A recent ChemJobber post notes that C&E News Editor-in-Chief Rudy Baum‘s editorials sometimes have a tendency to approach the controversial – and sometimes the purely political.  I wanted to discuss this weeks editorial which threatens to call into question much of my online existence (sorry, Mitch.  If Rudy’s right, I think you’re about to spontaneously e-implode).

In this week’s editorial, “The Limits of Web 2.0,” Baum decries the cliché “information wants to be free” for both its out-of-context usage (the full quote says information wants to be expensive because it is valuable and free because the cost of information dissemination is shrinking almost hourly – thus a struggle) and for its lunacy (information can’t wish for anything – it’s inanimate).  Rather, Baum says that it’s people who wish that information would be free.  I’d amend Baum’s correction slightly.  People really want information to be free and readily accessible.  I’d argue public libraries have long made most information “free,” if you were willing to do the legwork to get it.

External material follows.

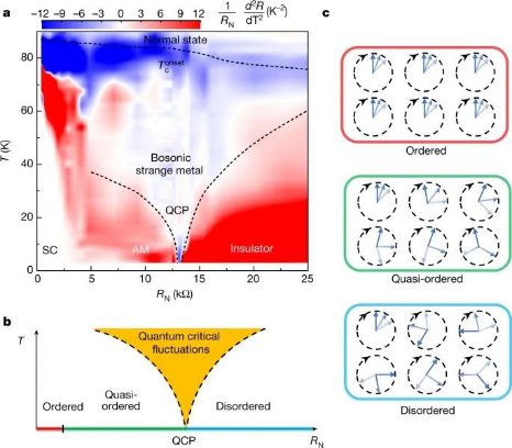 目前的工作揭示了一种独特的低温玻色子金属输运行为,它不同于先前超导体-绝缘体转变的玻色子局域化范式,在该范式中,金属行为在类似调谐参数的磁场或正常态电阻的临界点出现临界电阻RQ。类似于反常金属状态,这种奇怪的金属状态存在于一系列调谐参数中,剩余电阻远低于RQ。区分这种玻色子输运行为的主要特征是:(1)电阻随温度线性变化,其斜率类似于电阻量子与表征电荷载流子基态的能量标度之比;(2)如图3中的数据崩溃所暗示的随磁场线性变化的磁阻;以及(3)这些行为在扇形区域中的出现,该扇形区域似乎终止于图4中相图中的量子临界点。四、结论与展望

But the bulk of Baum’s editorial promotes Jaron Lanier’s book You are Not a Gadget: A Manefesto, and summarizes Lanier’s main points, namely that the wisdom of crowds can be dangerous and science should be loath to adopt web 2.0 ideals.  Lanier points out that around the turn of century, a “torrent (a word hijacked by the web 2.0 crowd -ed.) of petty designs sometimes called web 2.0″ flooded the web.  And through the use of web 2.0, we apparently are losing sight of the trees for the forest, er, the taggers for the cloud.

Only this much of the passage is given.